Introduction: Reducing dosing frequency may lower treatment burden and improve persistence and adherence. This retrospective, observational study assessed persistence and adherence in patients with type 2 diabetes (T2D) initiating once-weekly or daily injectable glucagon-like peptide-1 receptor agonists (GLP-1 RAs) in US clinical practice.

Methods: The study used data from adults (≥ 18 years) with T2D who were included in the IBM MarketScan Explorys Claims-EMR Data Set for ≥ 180 days pre-index and ≥ 365 days post-index, were GLP-1 RA and insulin naïve at first claim (index date) for once-weekly or daily injectable GLP-1 RAs (follow-up: index date + 365 days), and were propensity score (PS) matched 1:1 by baseline characteristics. Persistence, defined as the stay time, was assessed using Kaplan-Meier analysis and Cox proportional hazards models. Adherence was defined as a proportion of days covered of 0.8 or greater. To assess whether patients with more advanced disease would benefit from long-acting treatments, patients were matched to the baseline characteristics of basal insulin initiators using inverse probability of treatment weighting (IPTW).

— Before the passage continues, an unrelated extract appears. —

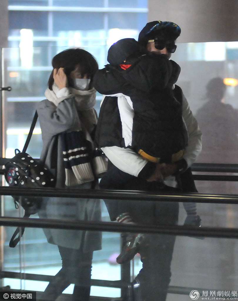 张亮、寇静、天天一家三口现身机场。 图片来源:朱仁/视觉中国

Results: The PS-matched cohorts (n = 784 each) had similar baseline characteristics. Once-weekly regimens were associated with significantly higher persistence than daily treatments (median stay time: 333 vs 269 days; hazard ratio 0.80 [95% confidence interval 0.71, 0.90]; p < 0.01) and with significantly higher adherence than daily regimens at 6 months and 12 months (p < 0.01 for both). Mean glycated haemoglobin reductions were greater with once-weekly than with daily treatment at 6 months (- 1.1% vs - 0.9%; p < 0.01) and 12 months (- 0.9% vs - 0.7%; p = not significant); adherent patients experienced greater reductions than those with poor adherence. Results were similar in the IPTW-matched analysis.

Conclusion: In US clinical practice, once-weekly injectable treatments are associated with better persistence and adherence than daily regimens over 1 year. Once-weekly regimens may also benefit patients with more advanced T2D.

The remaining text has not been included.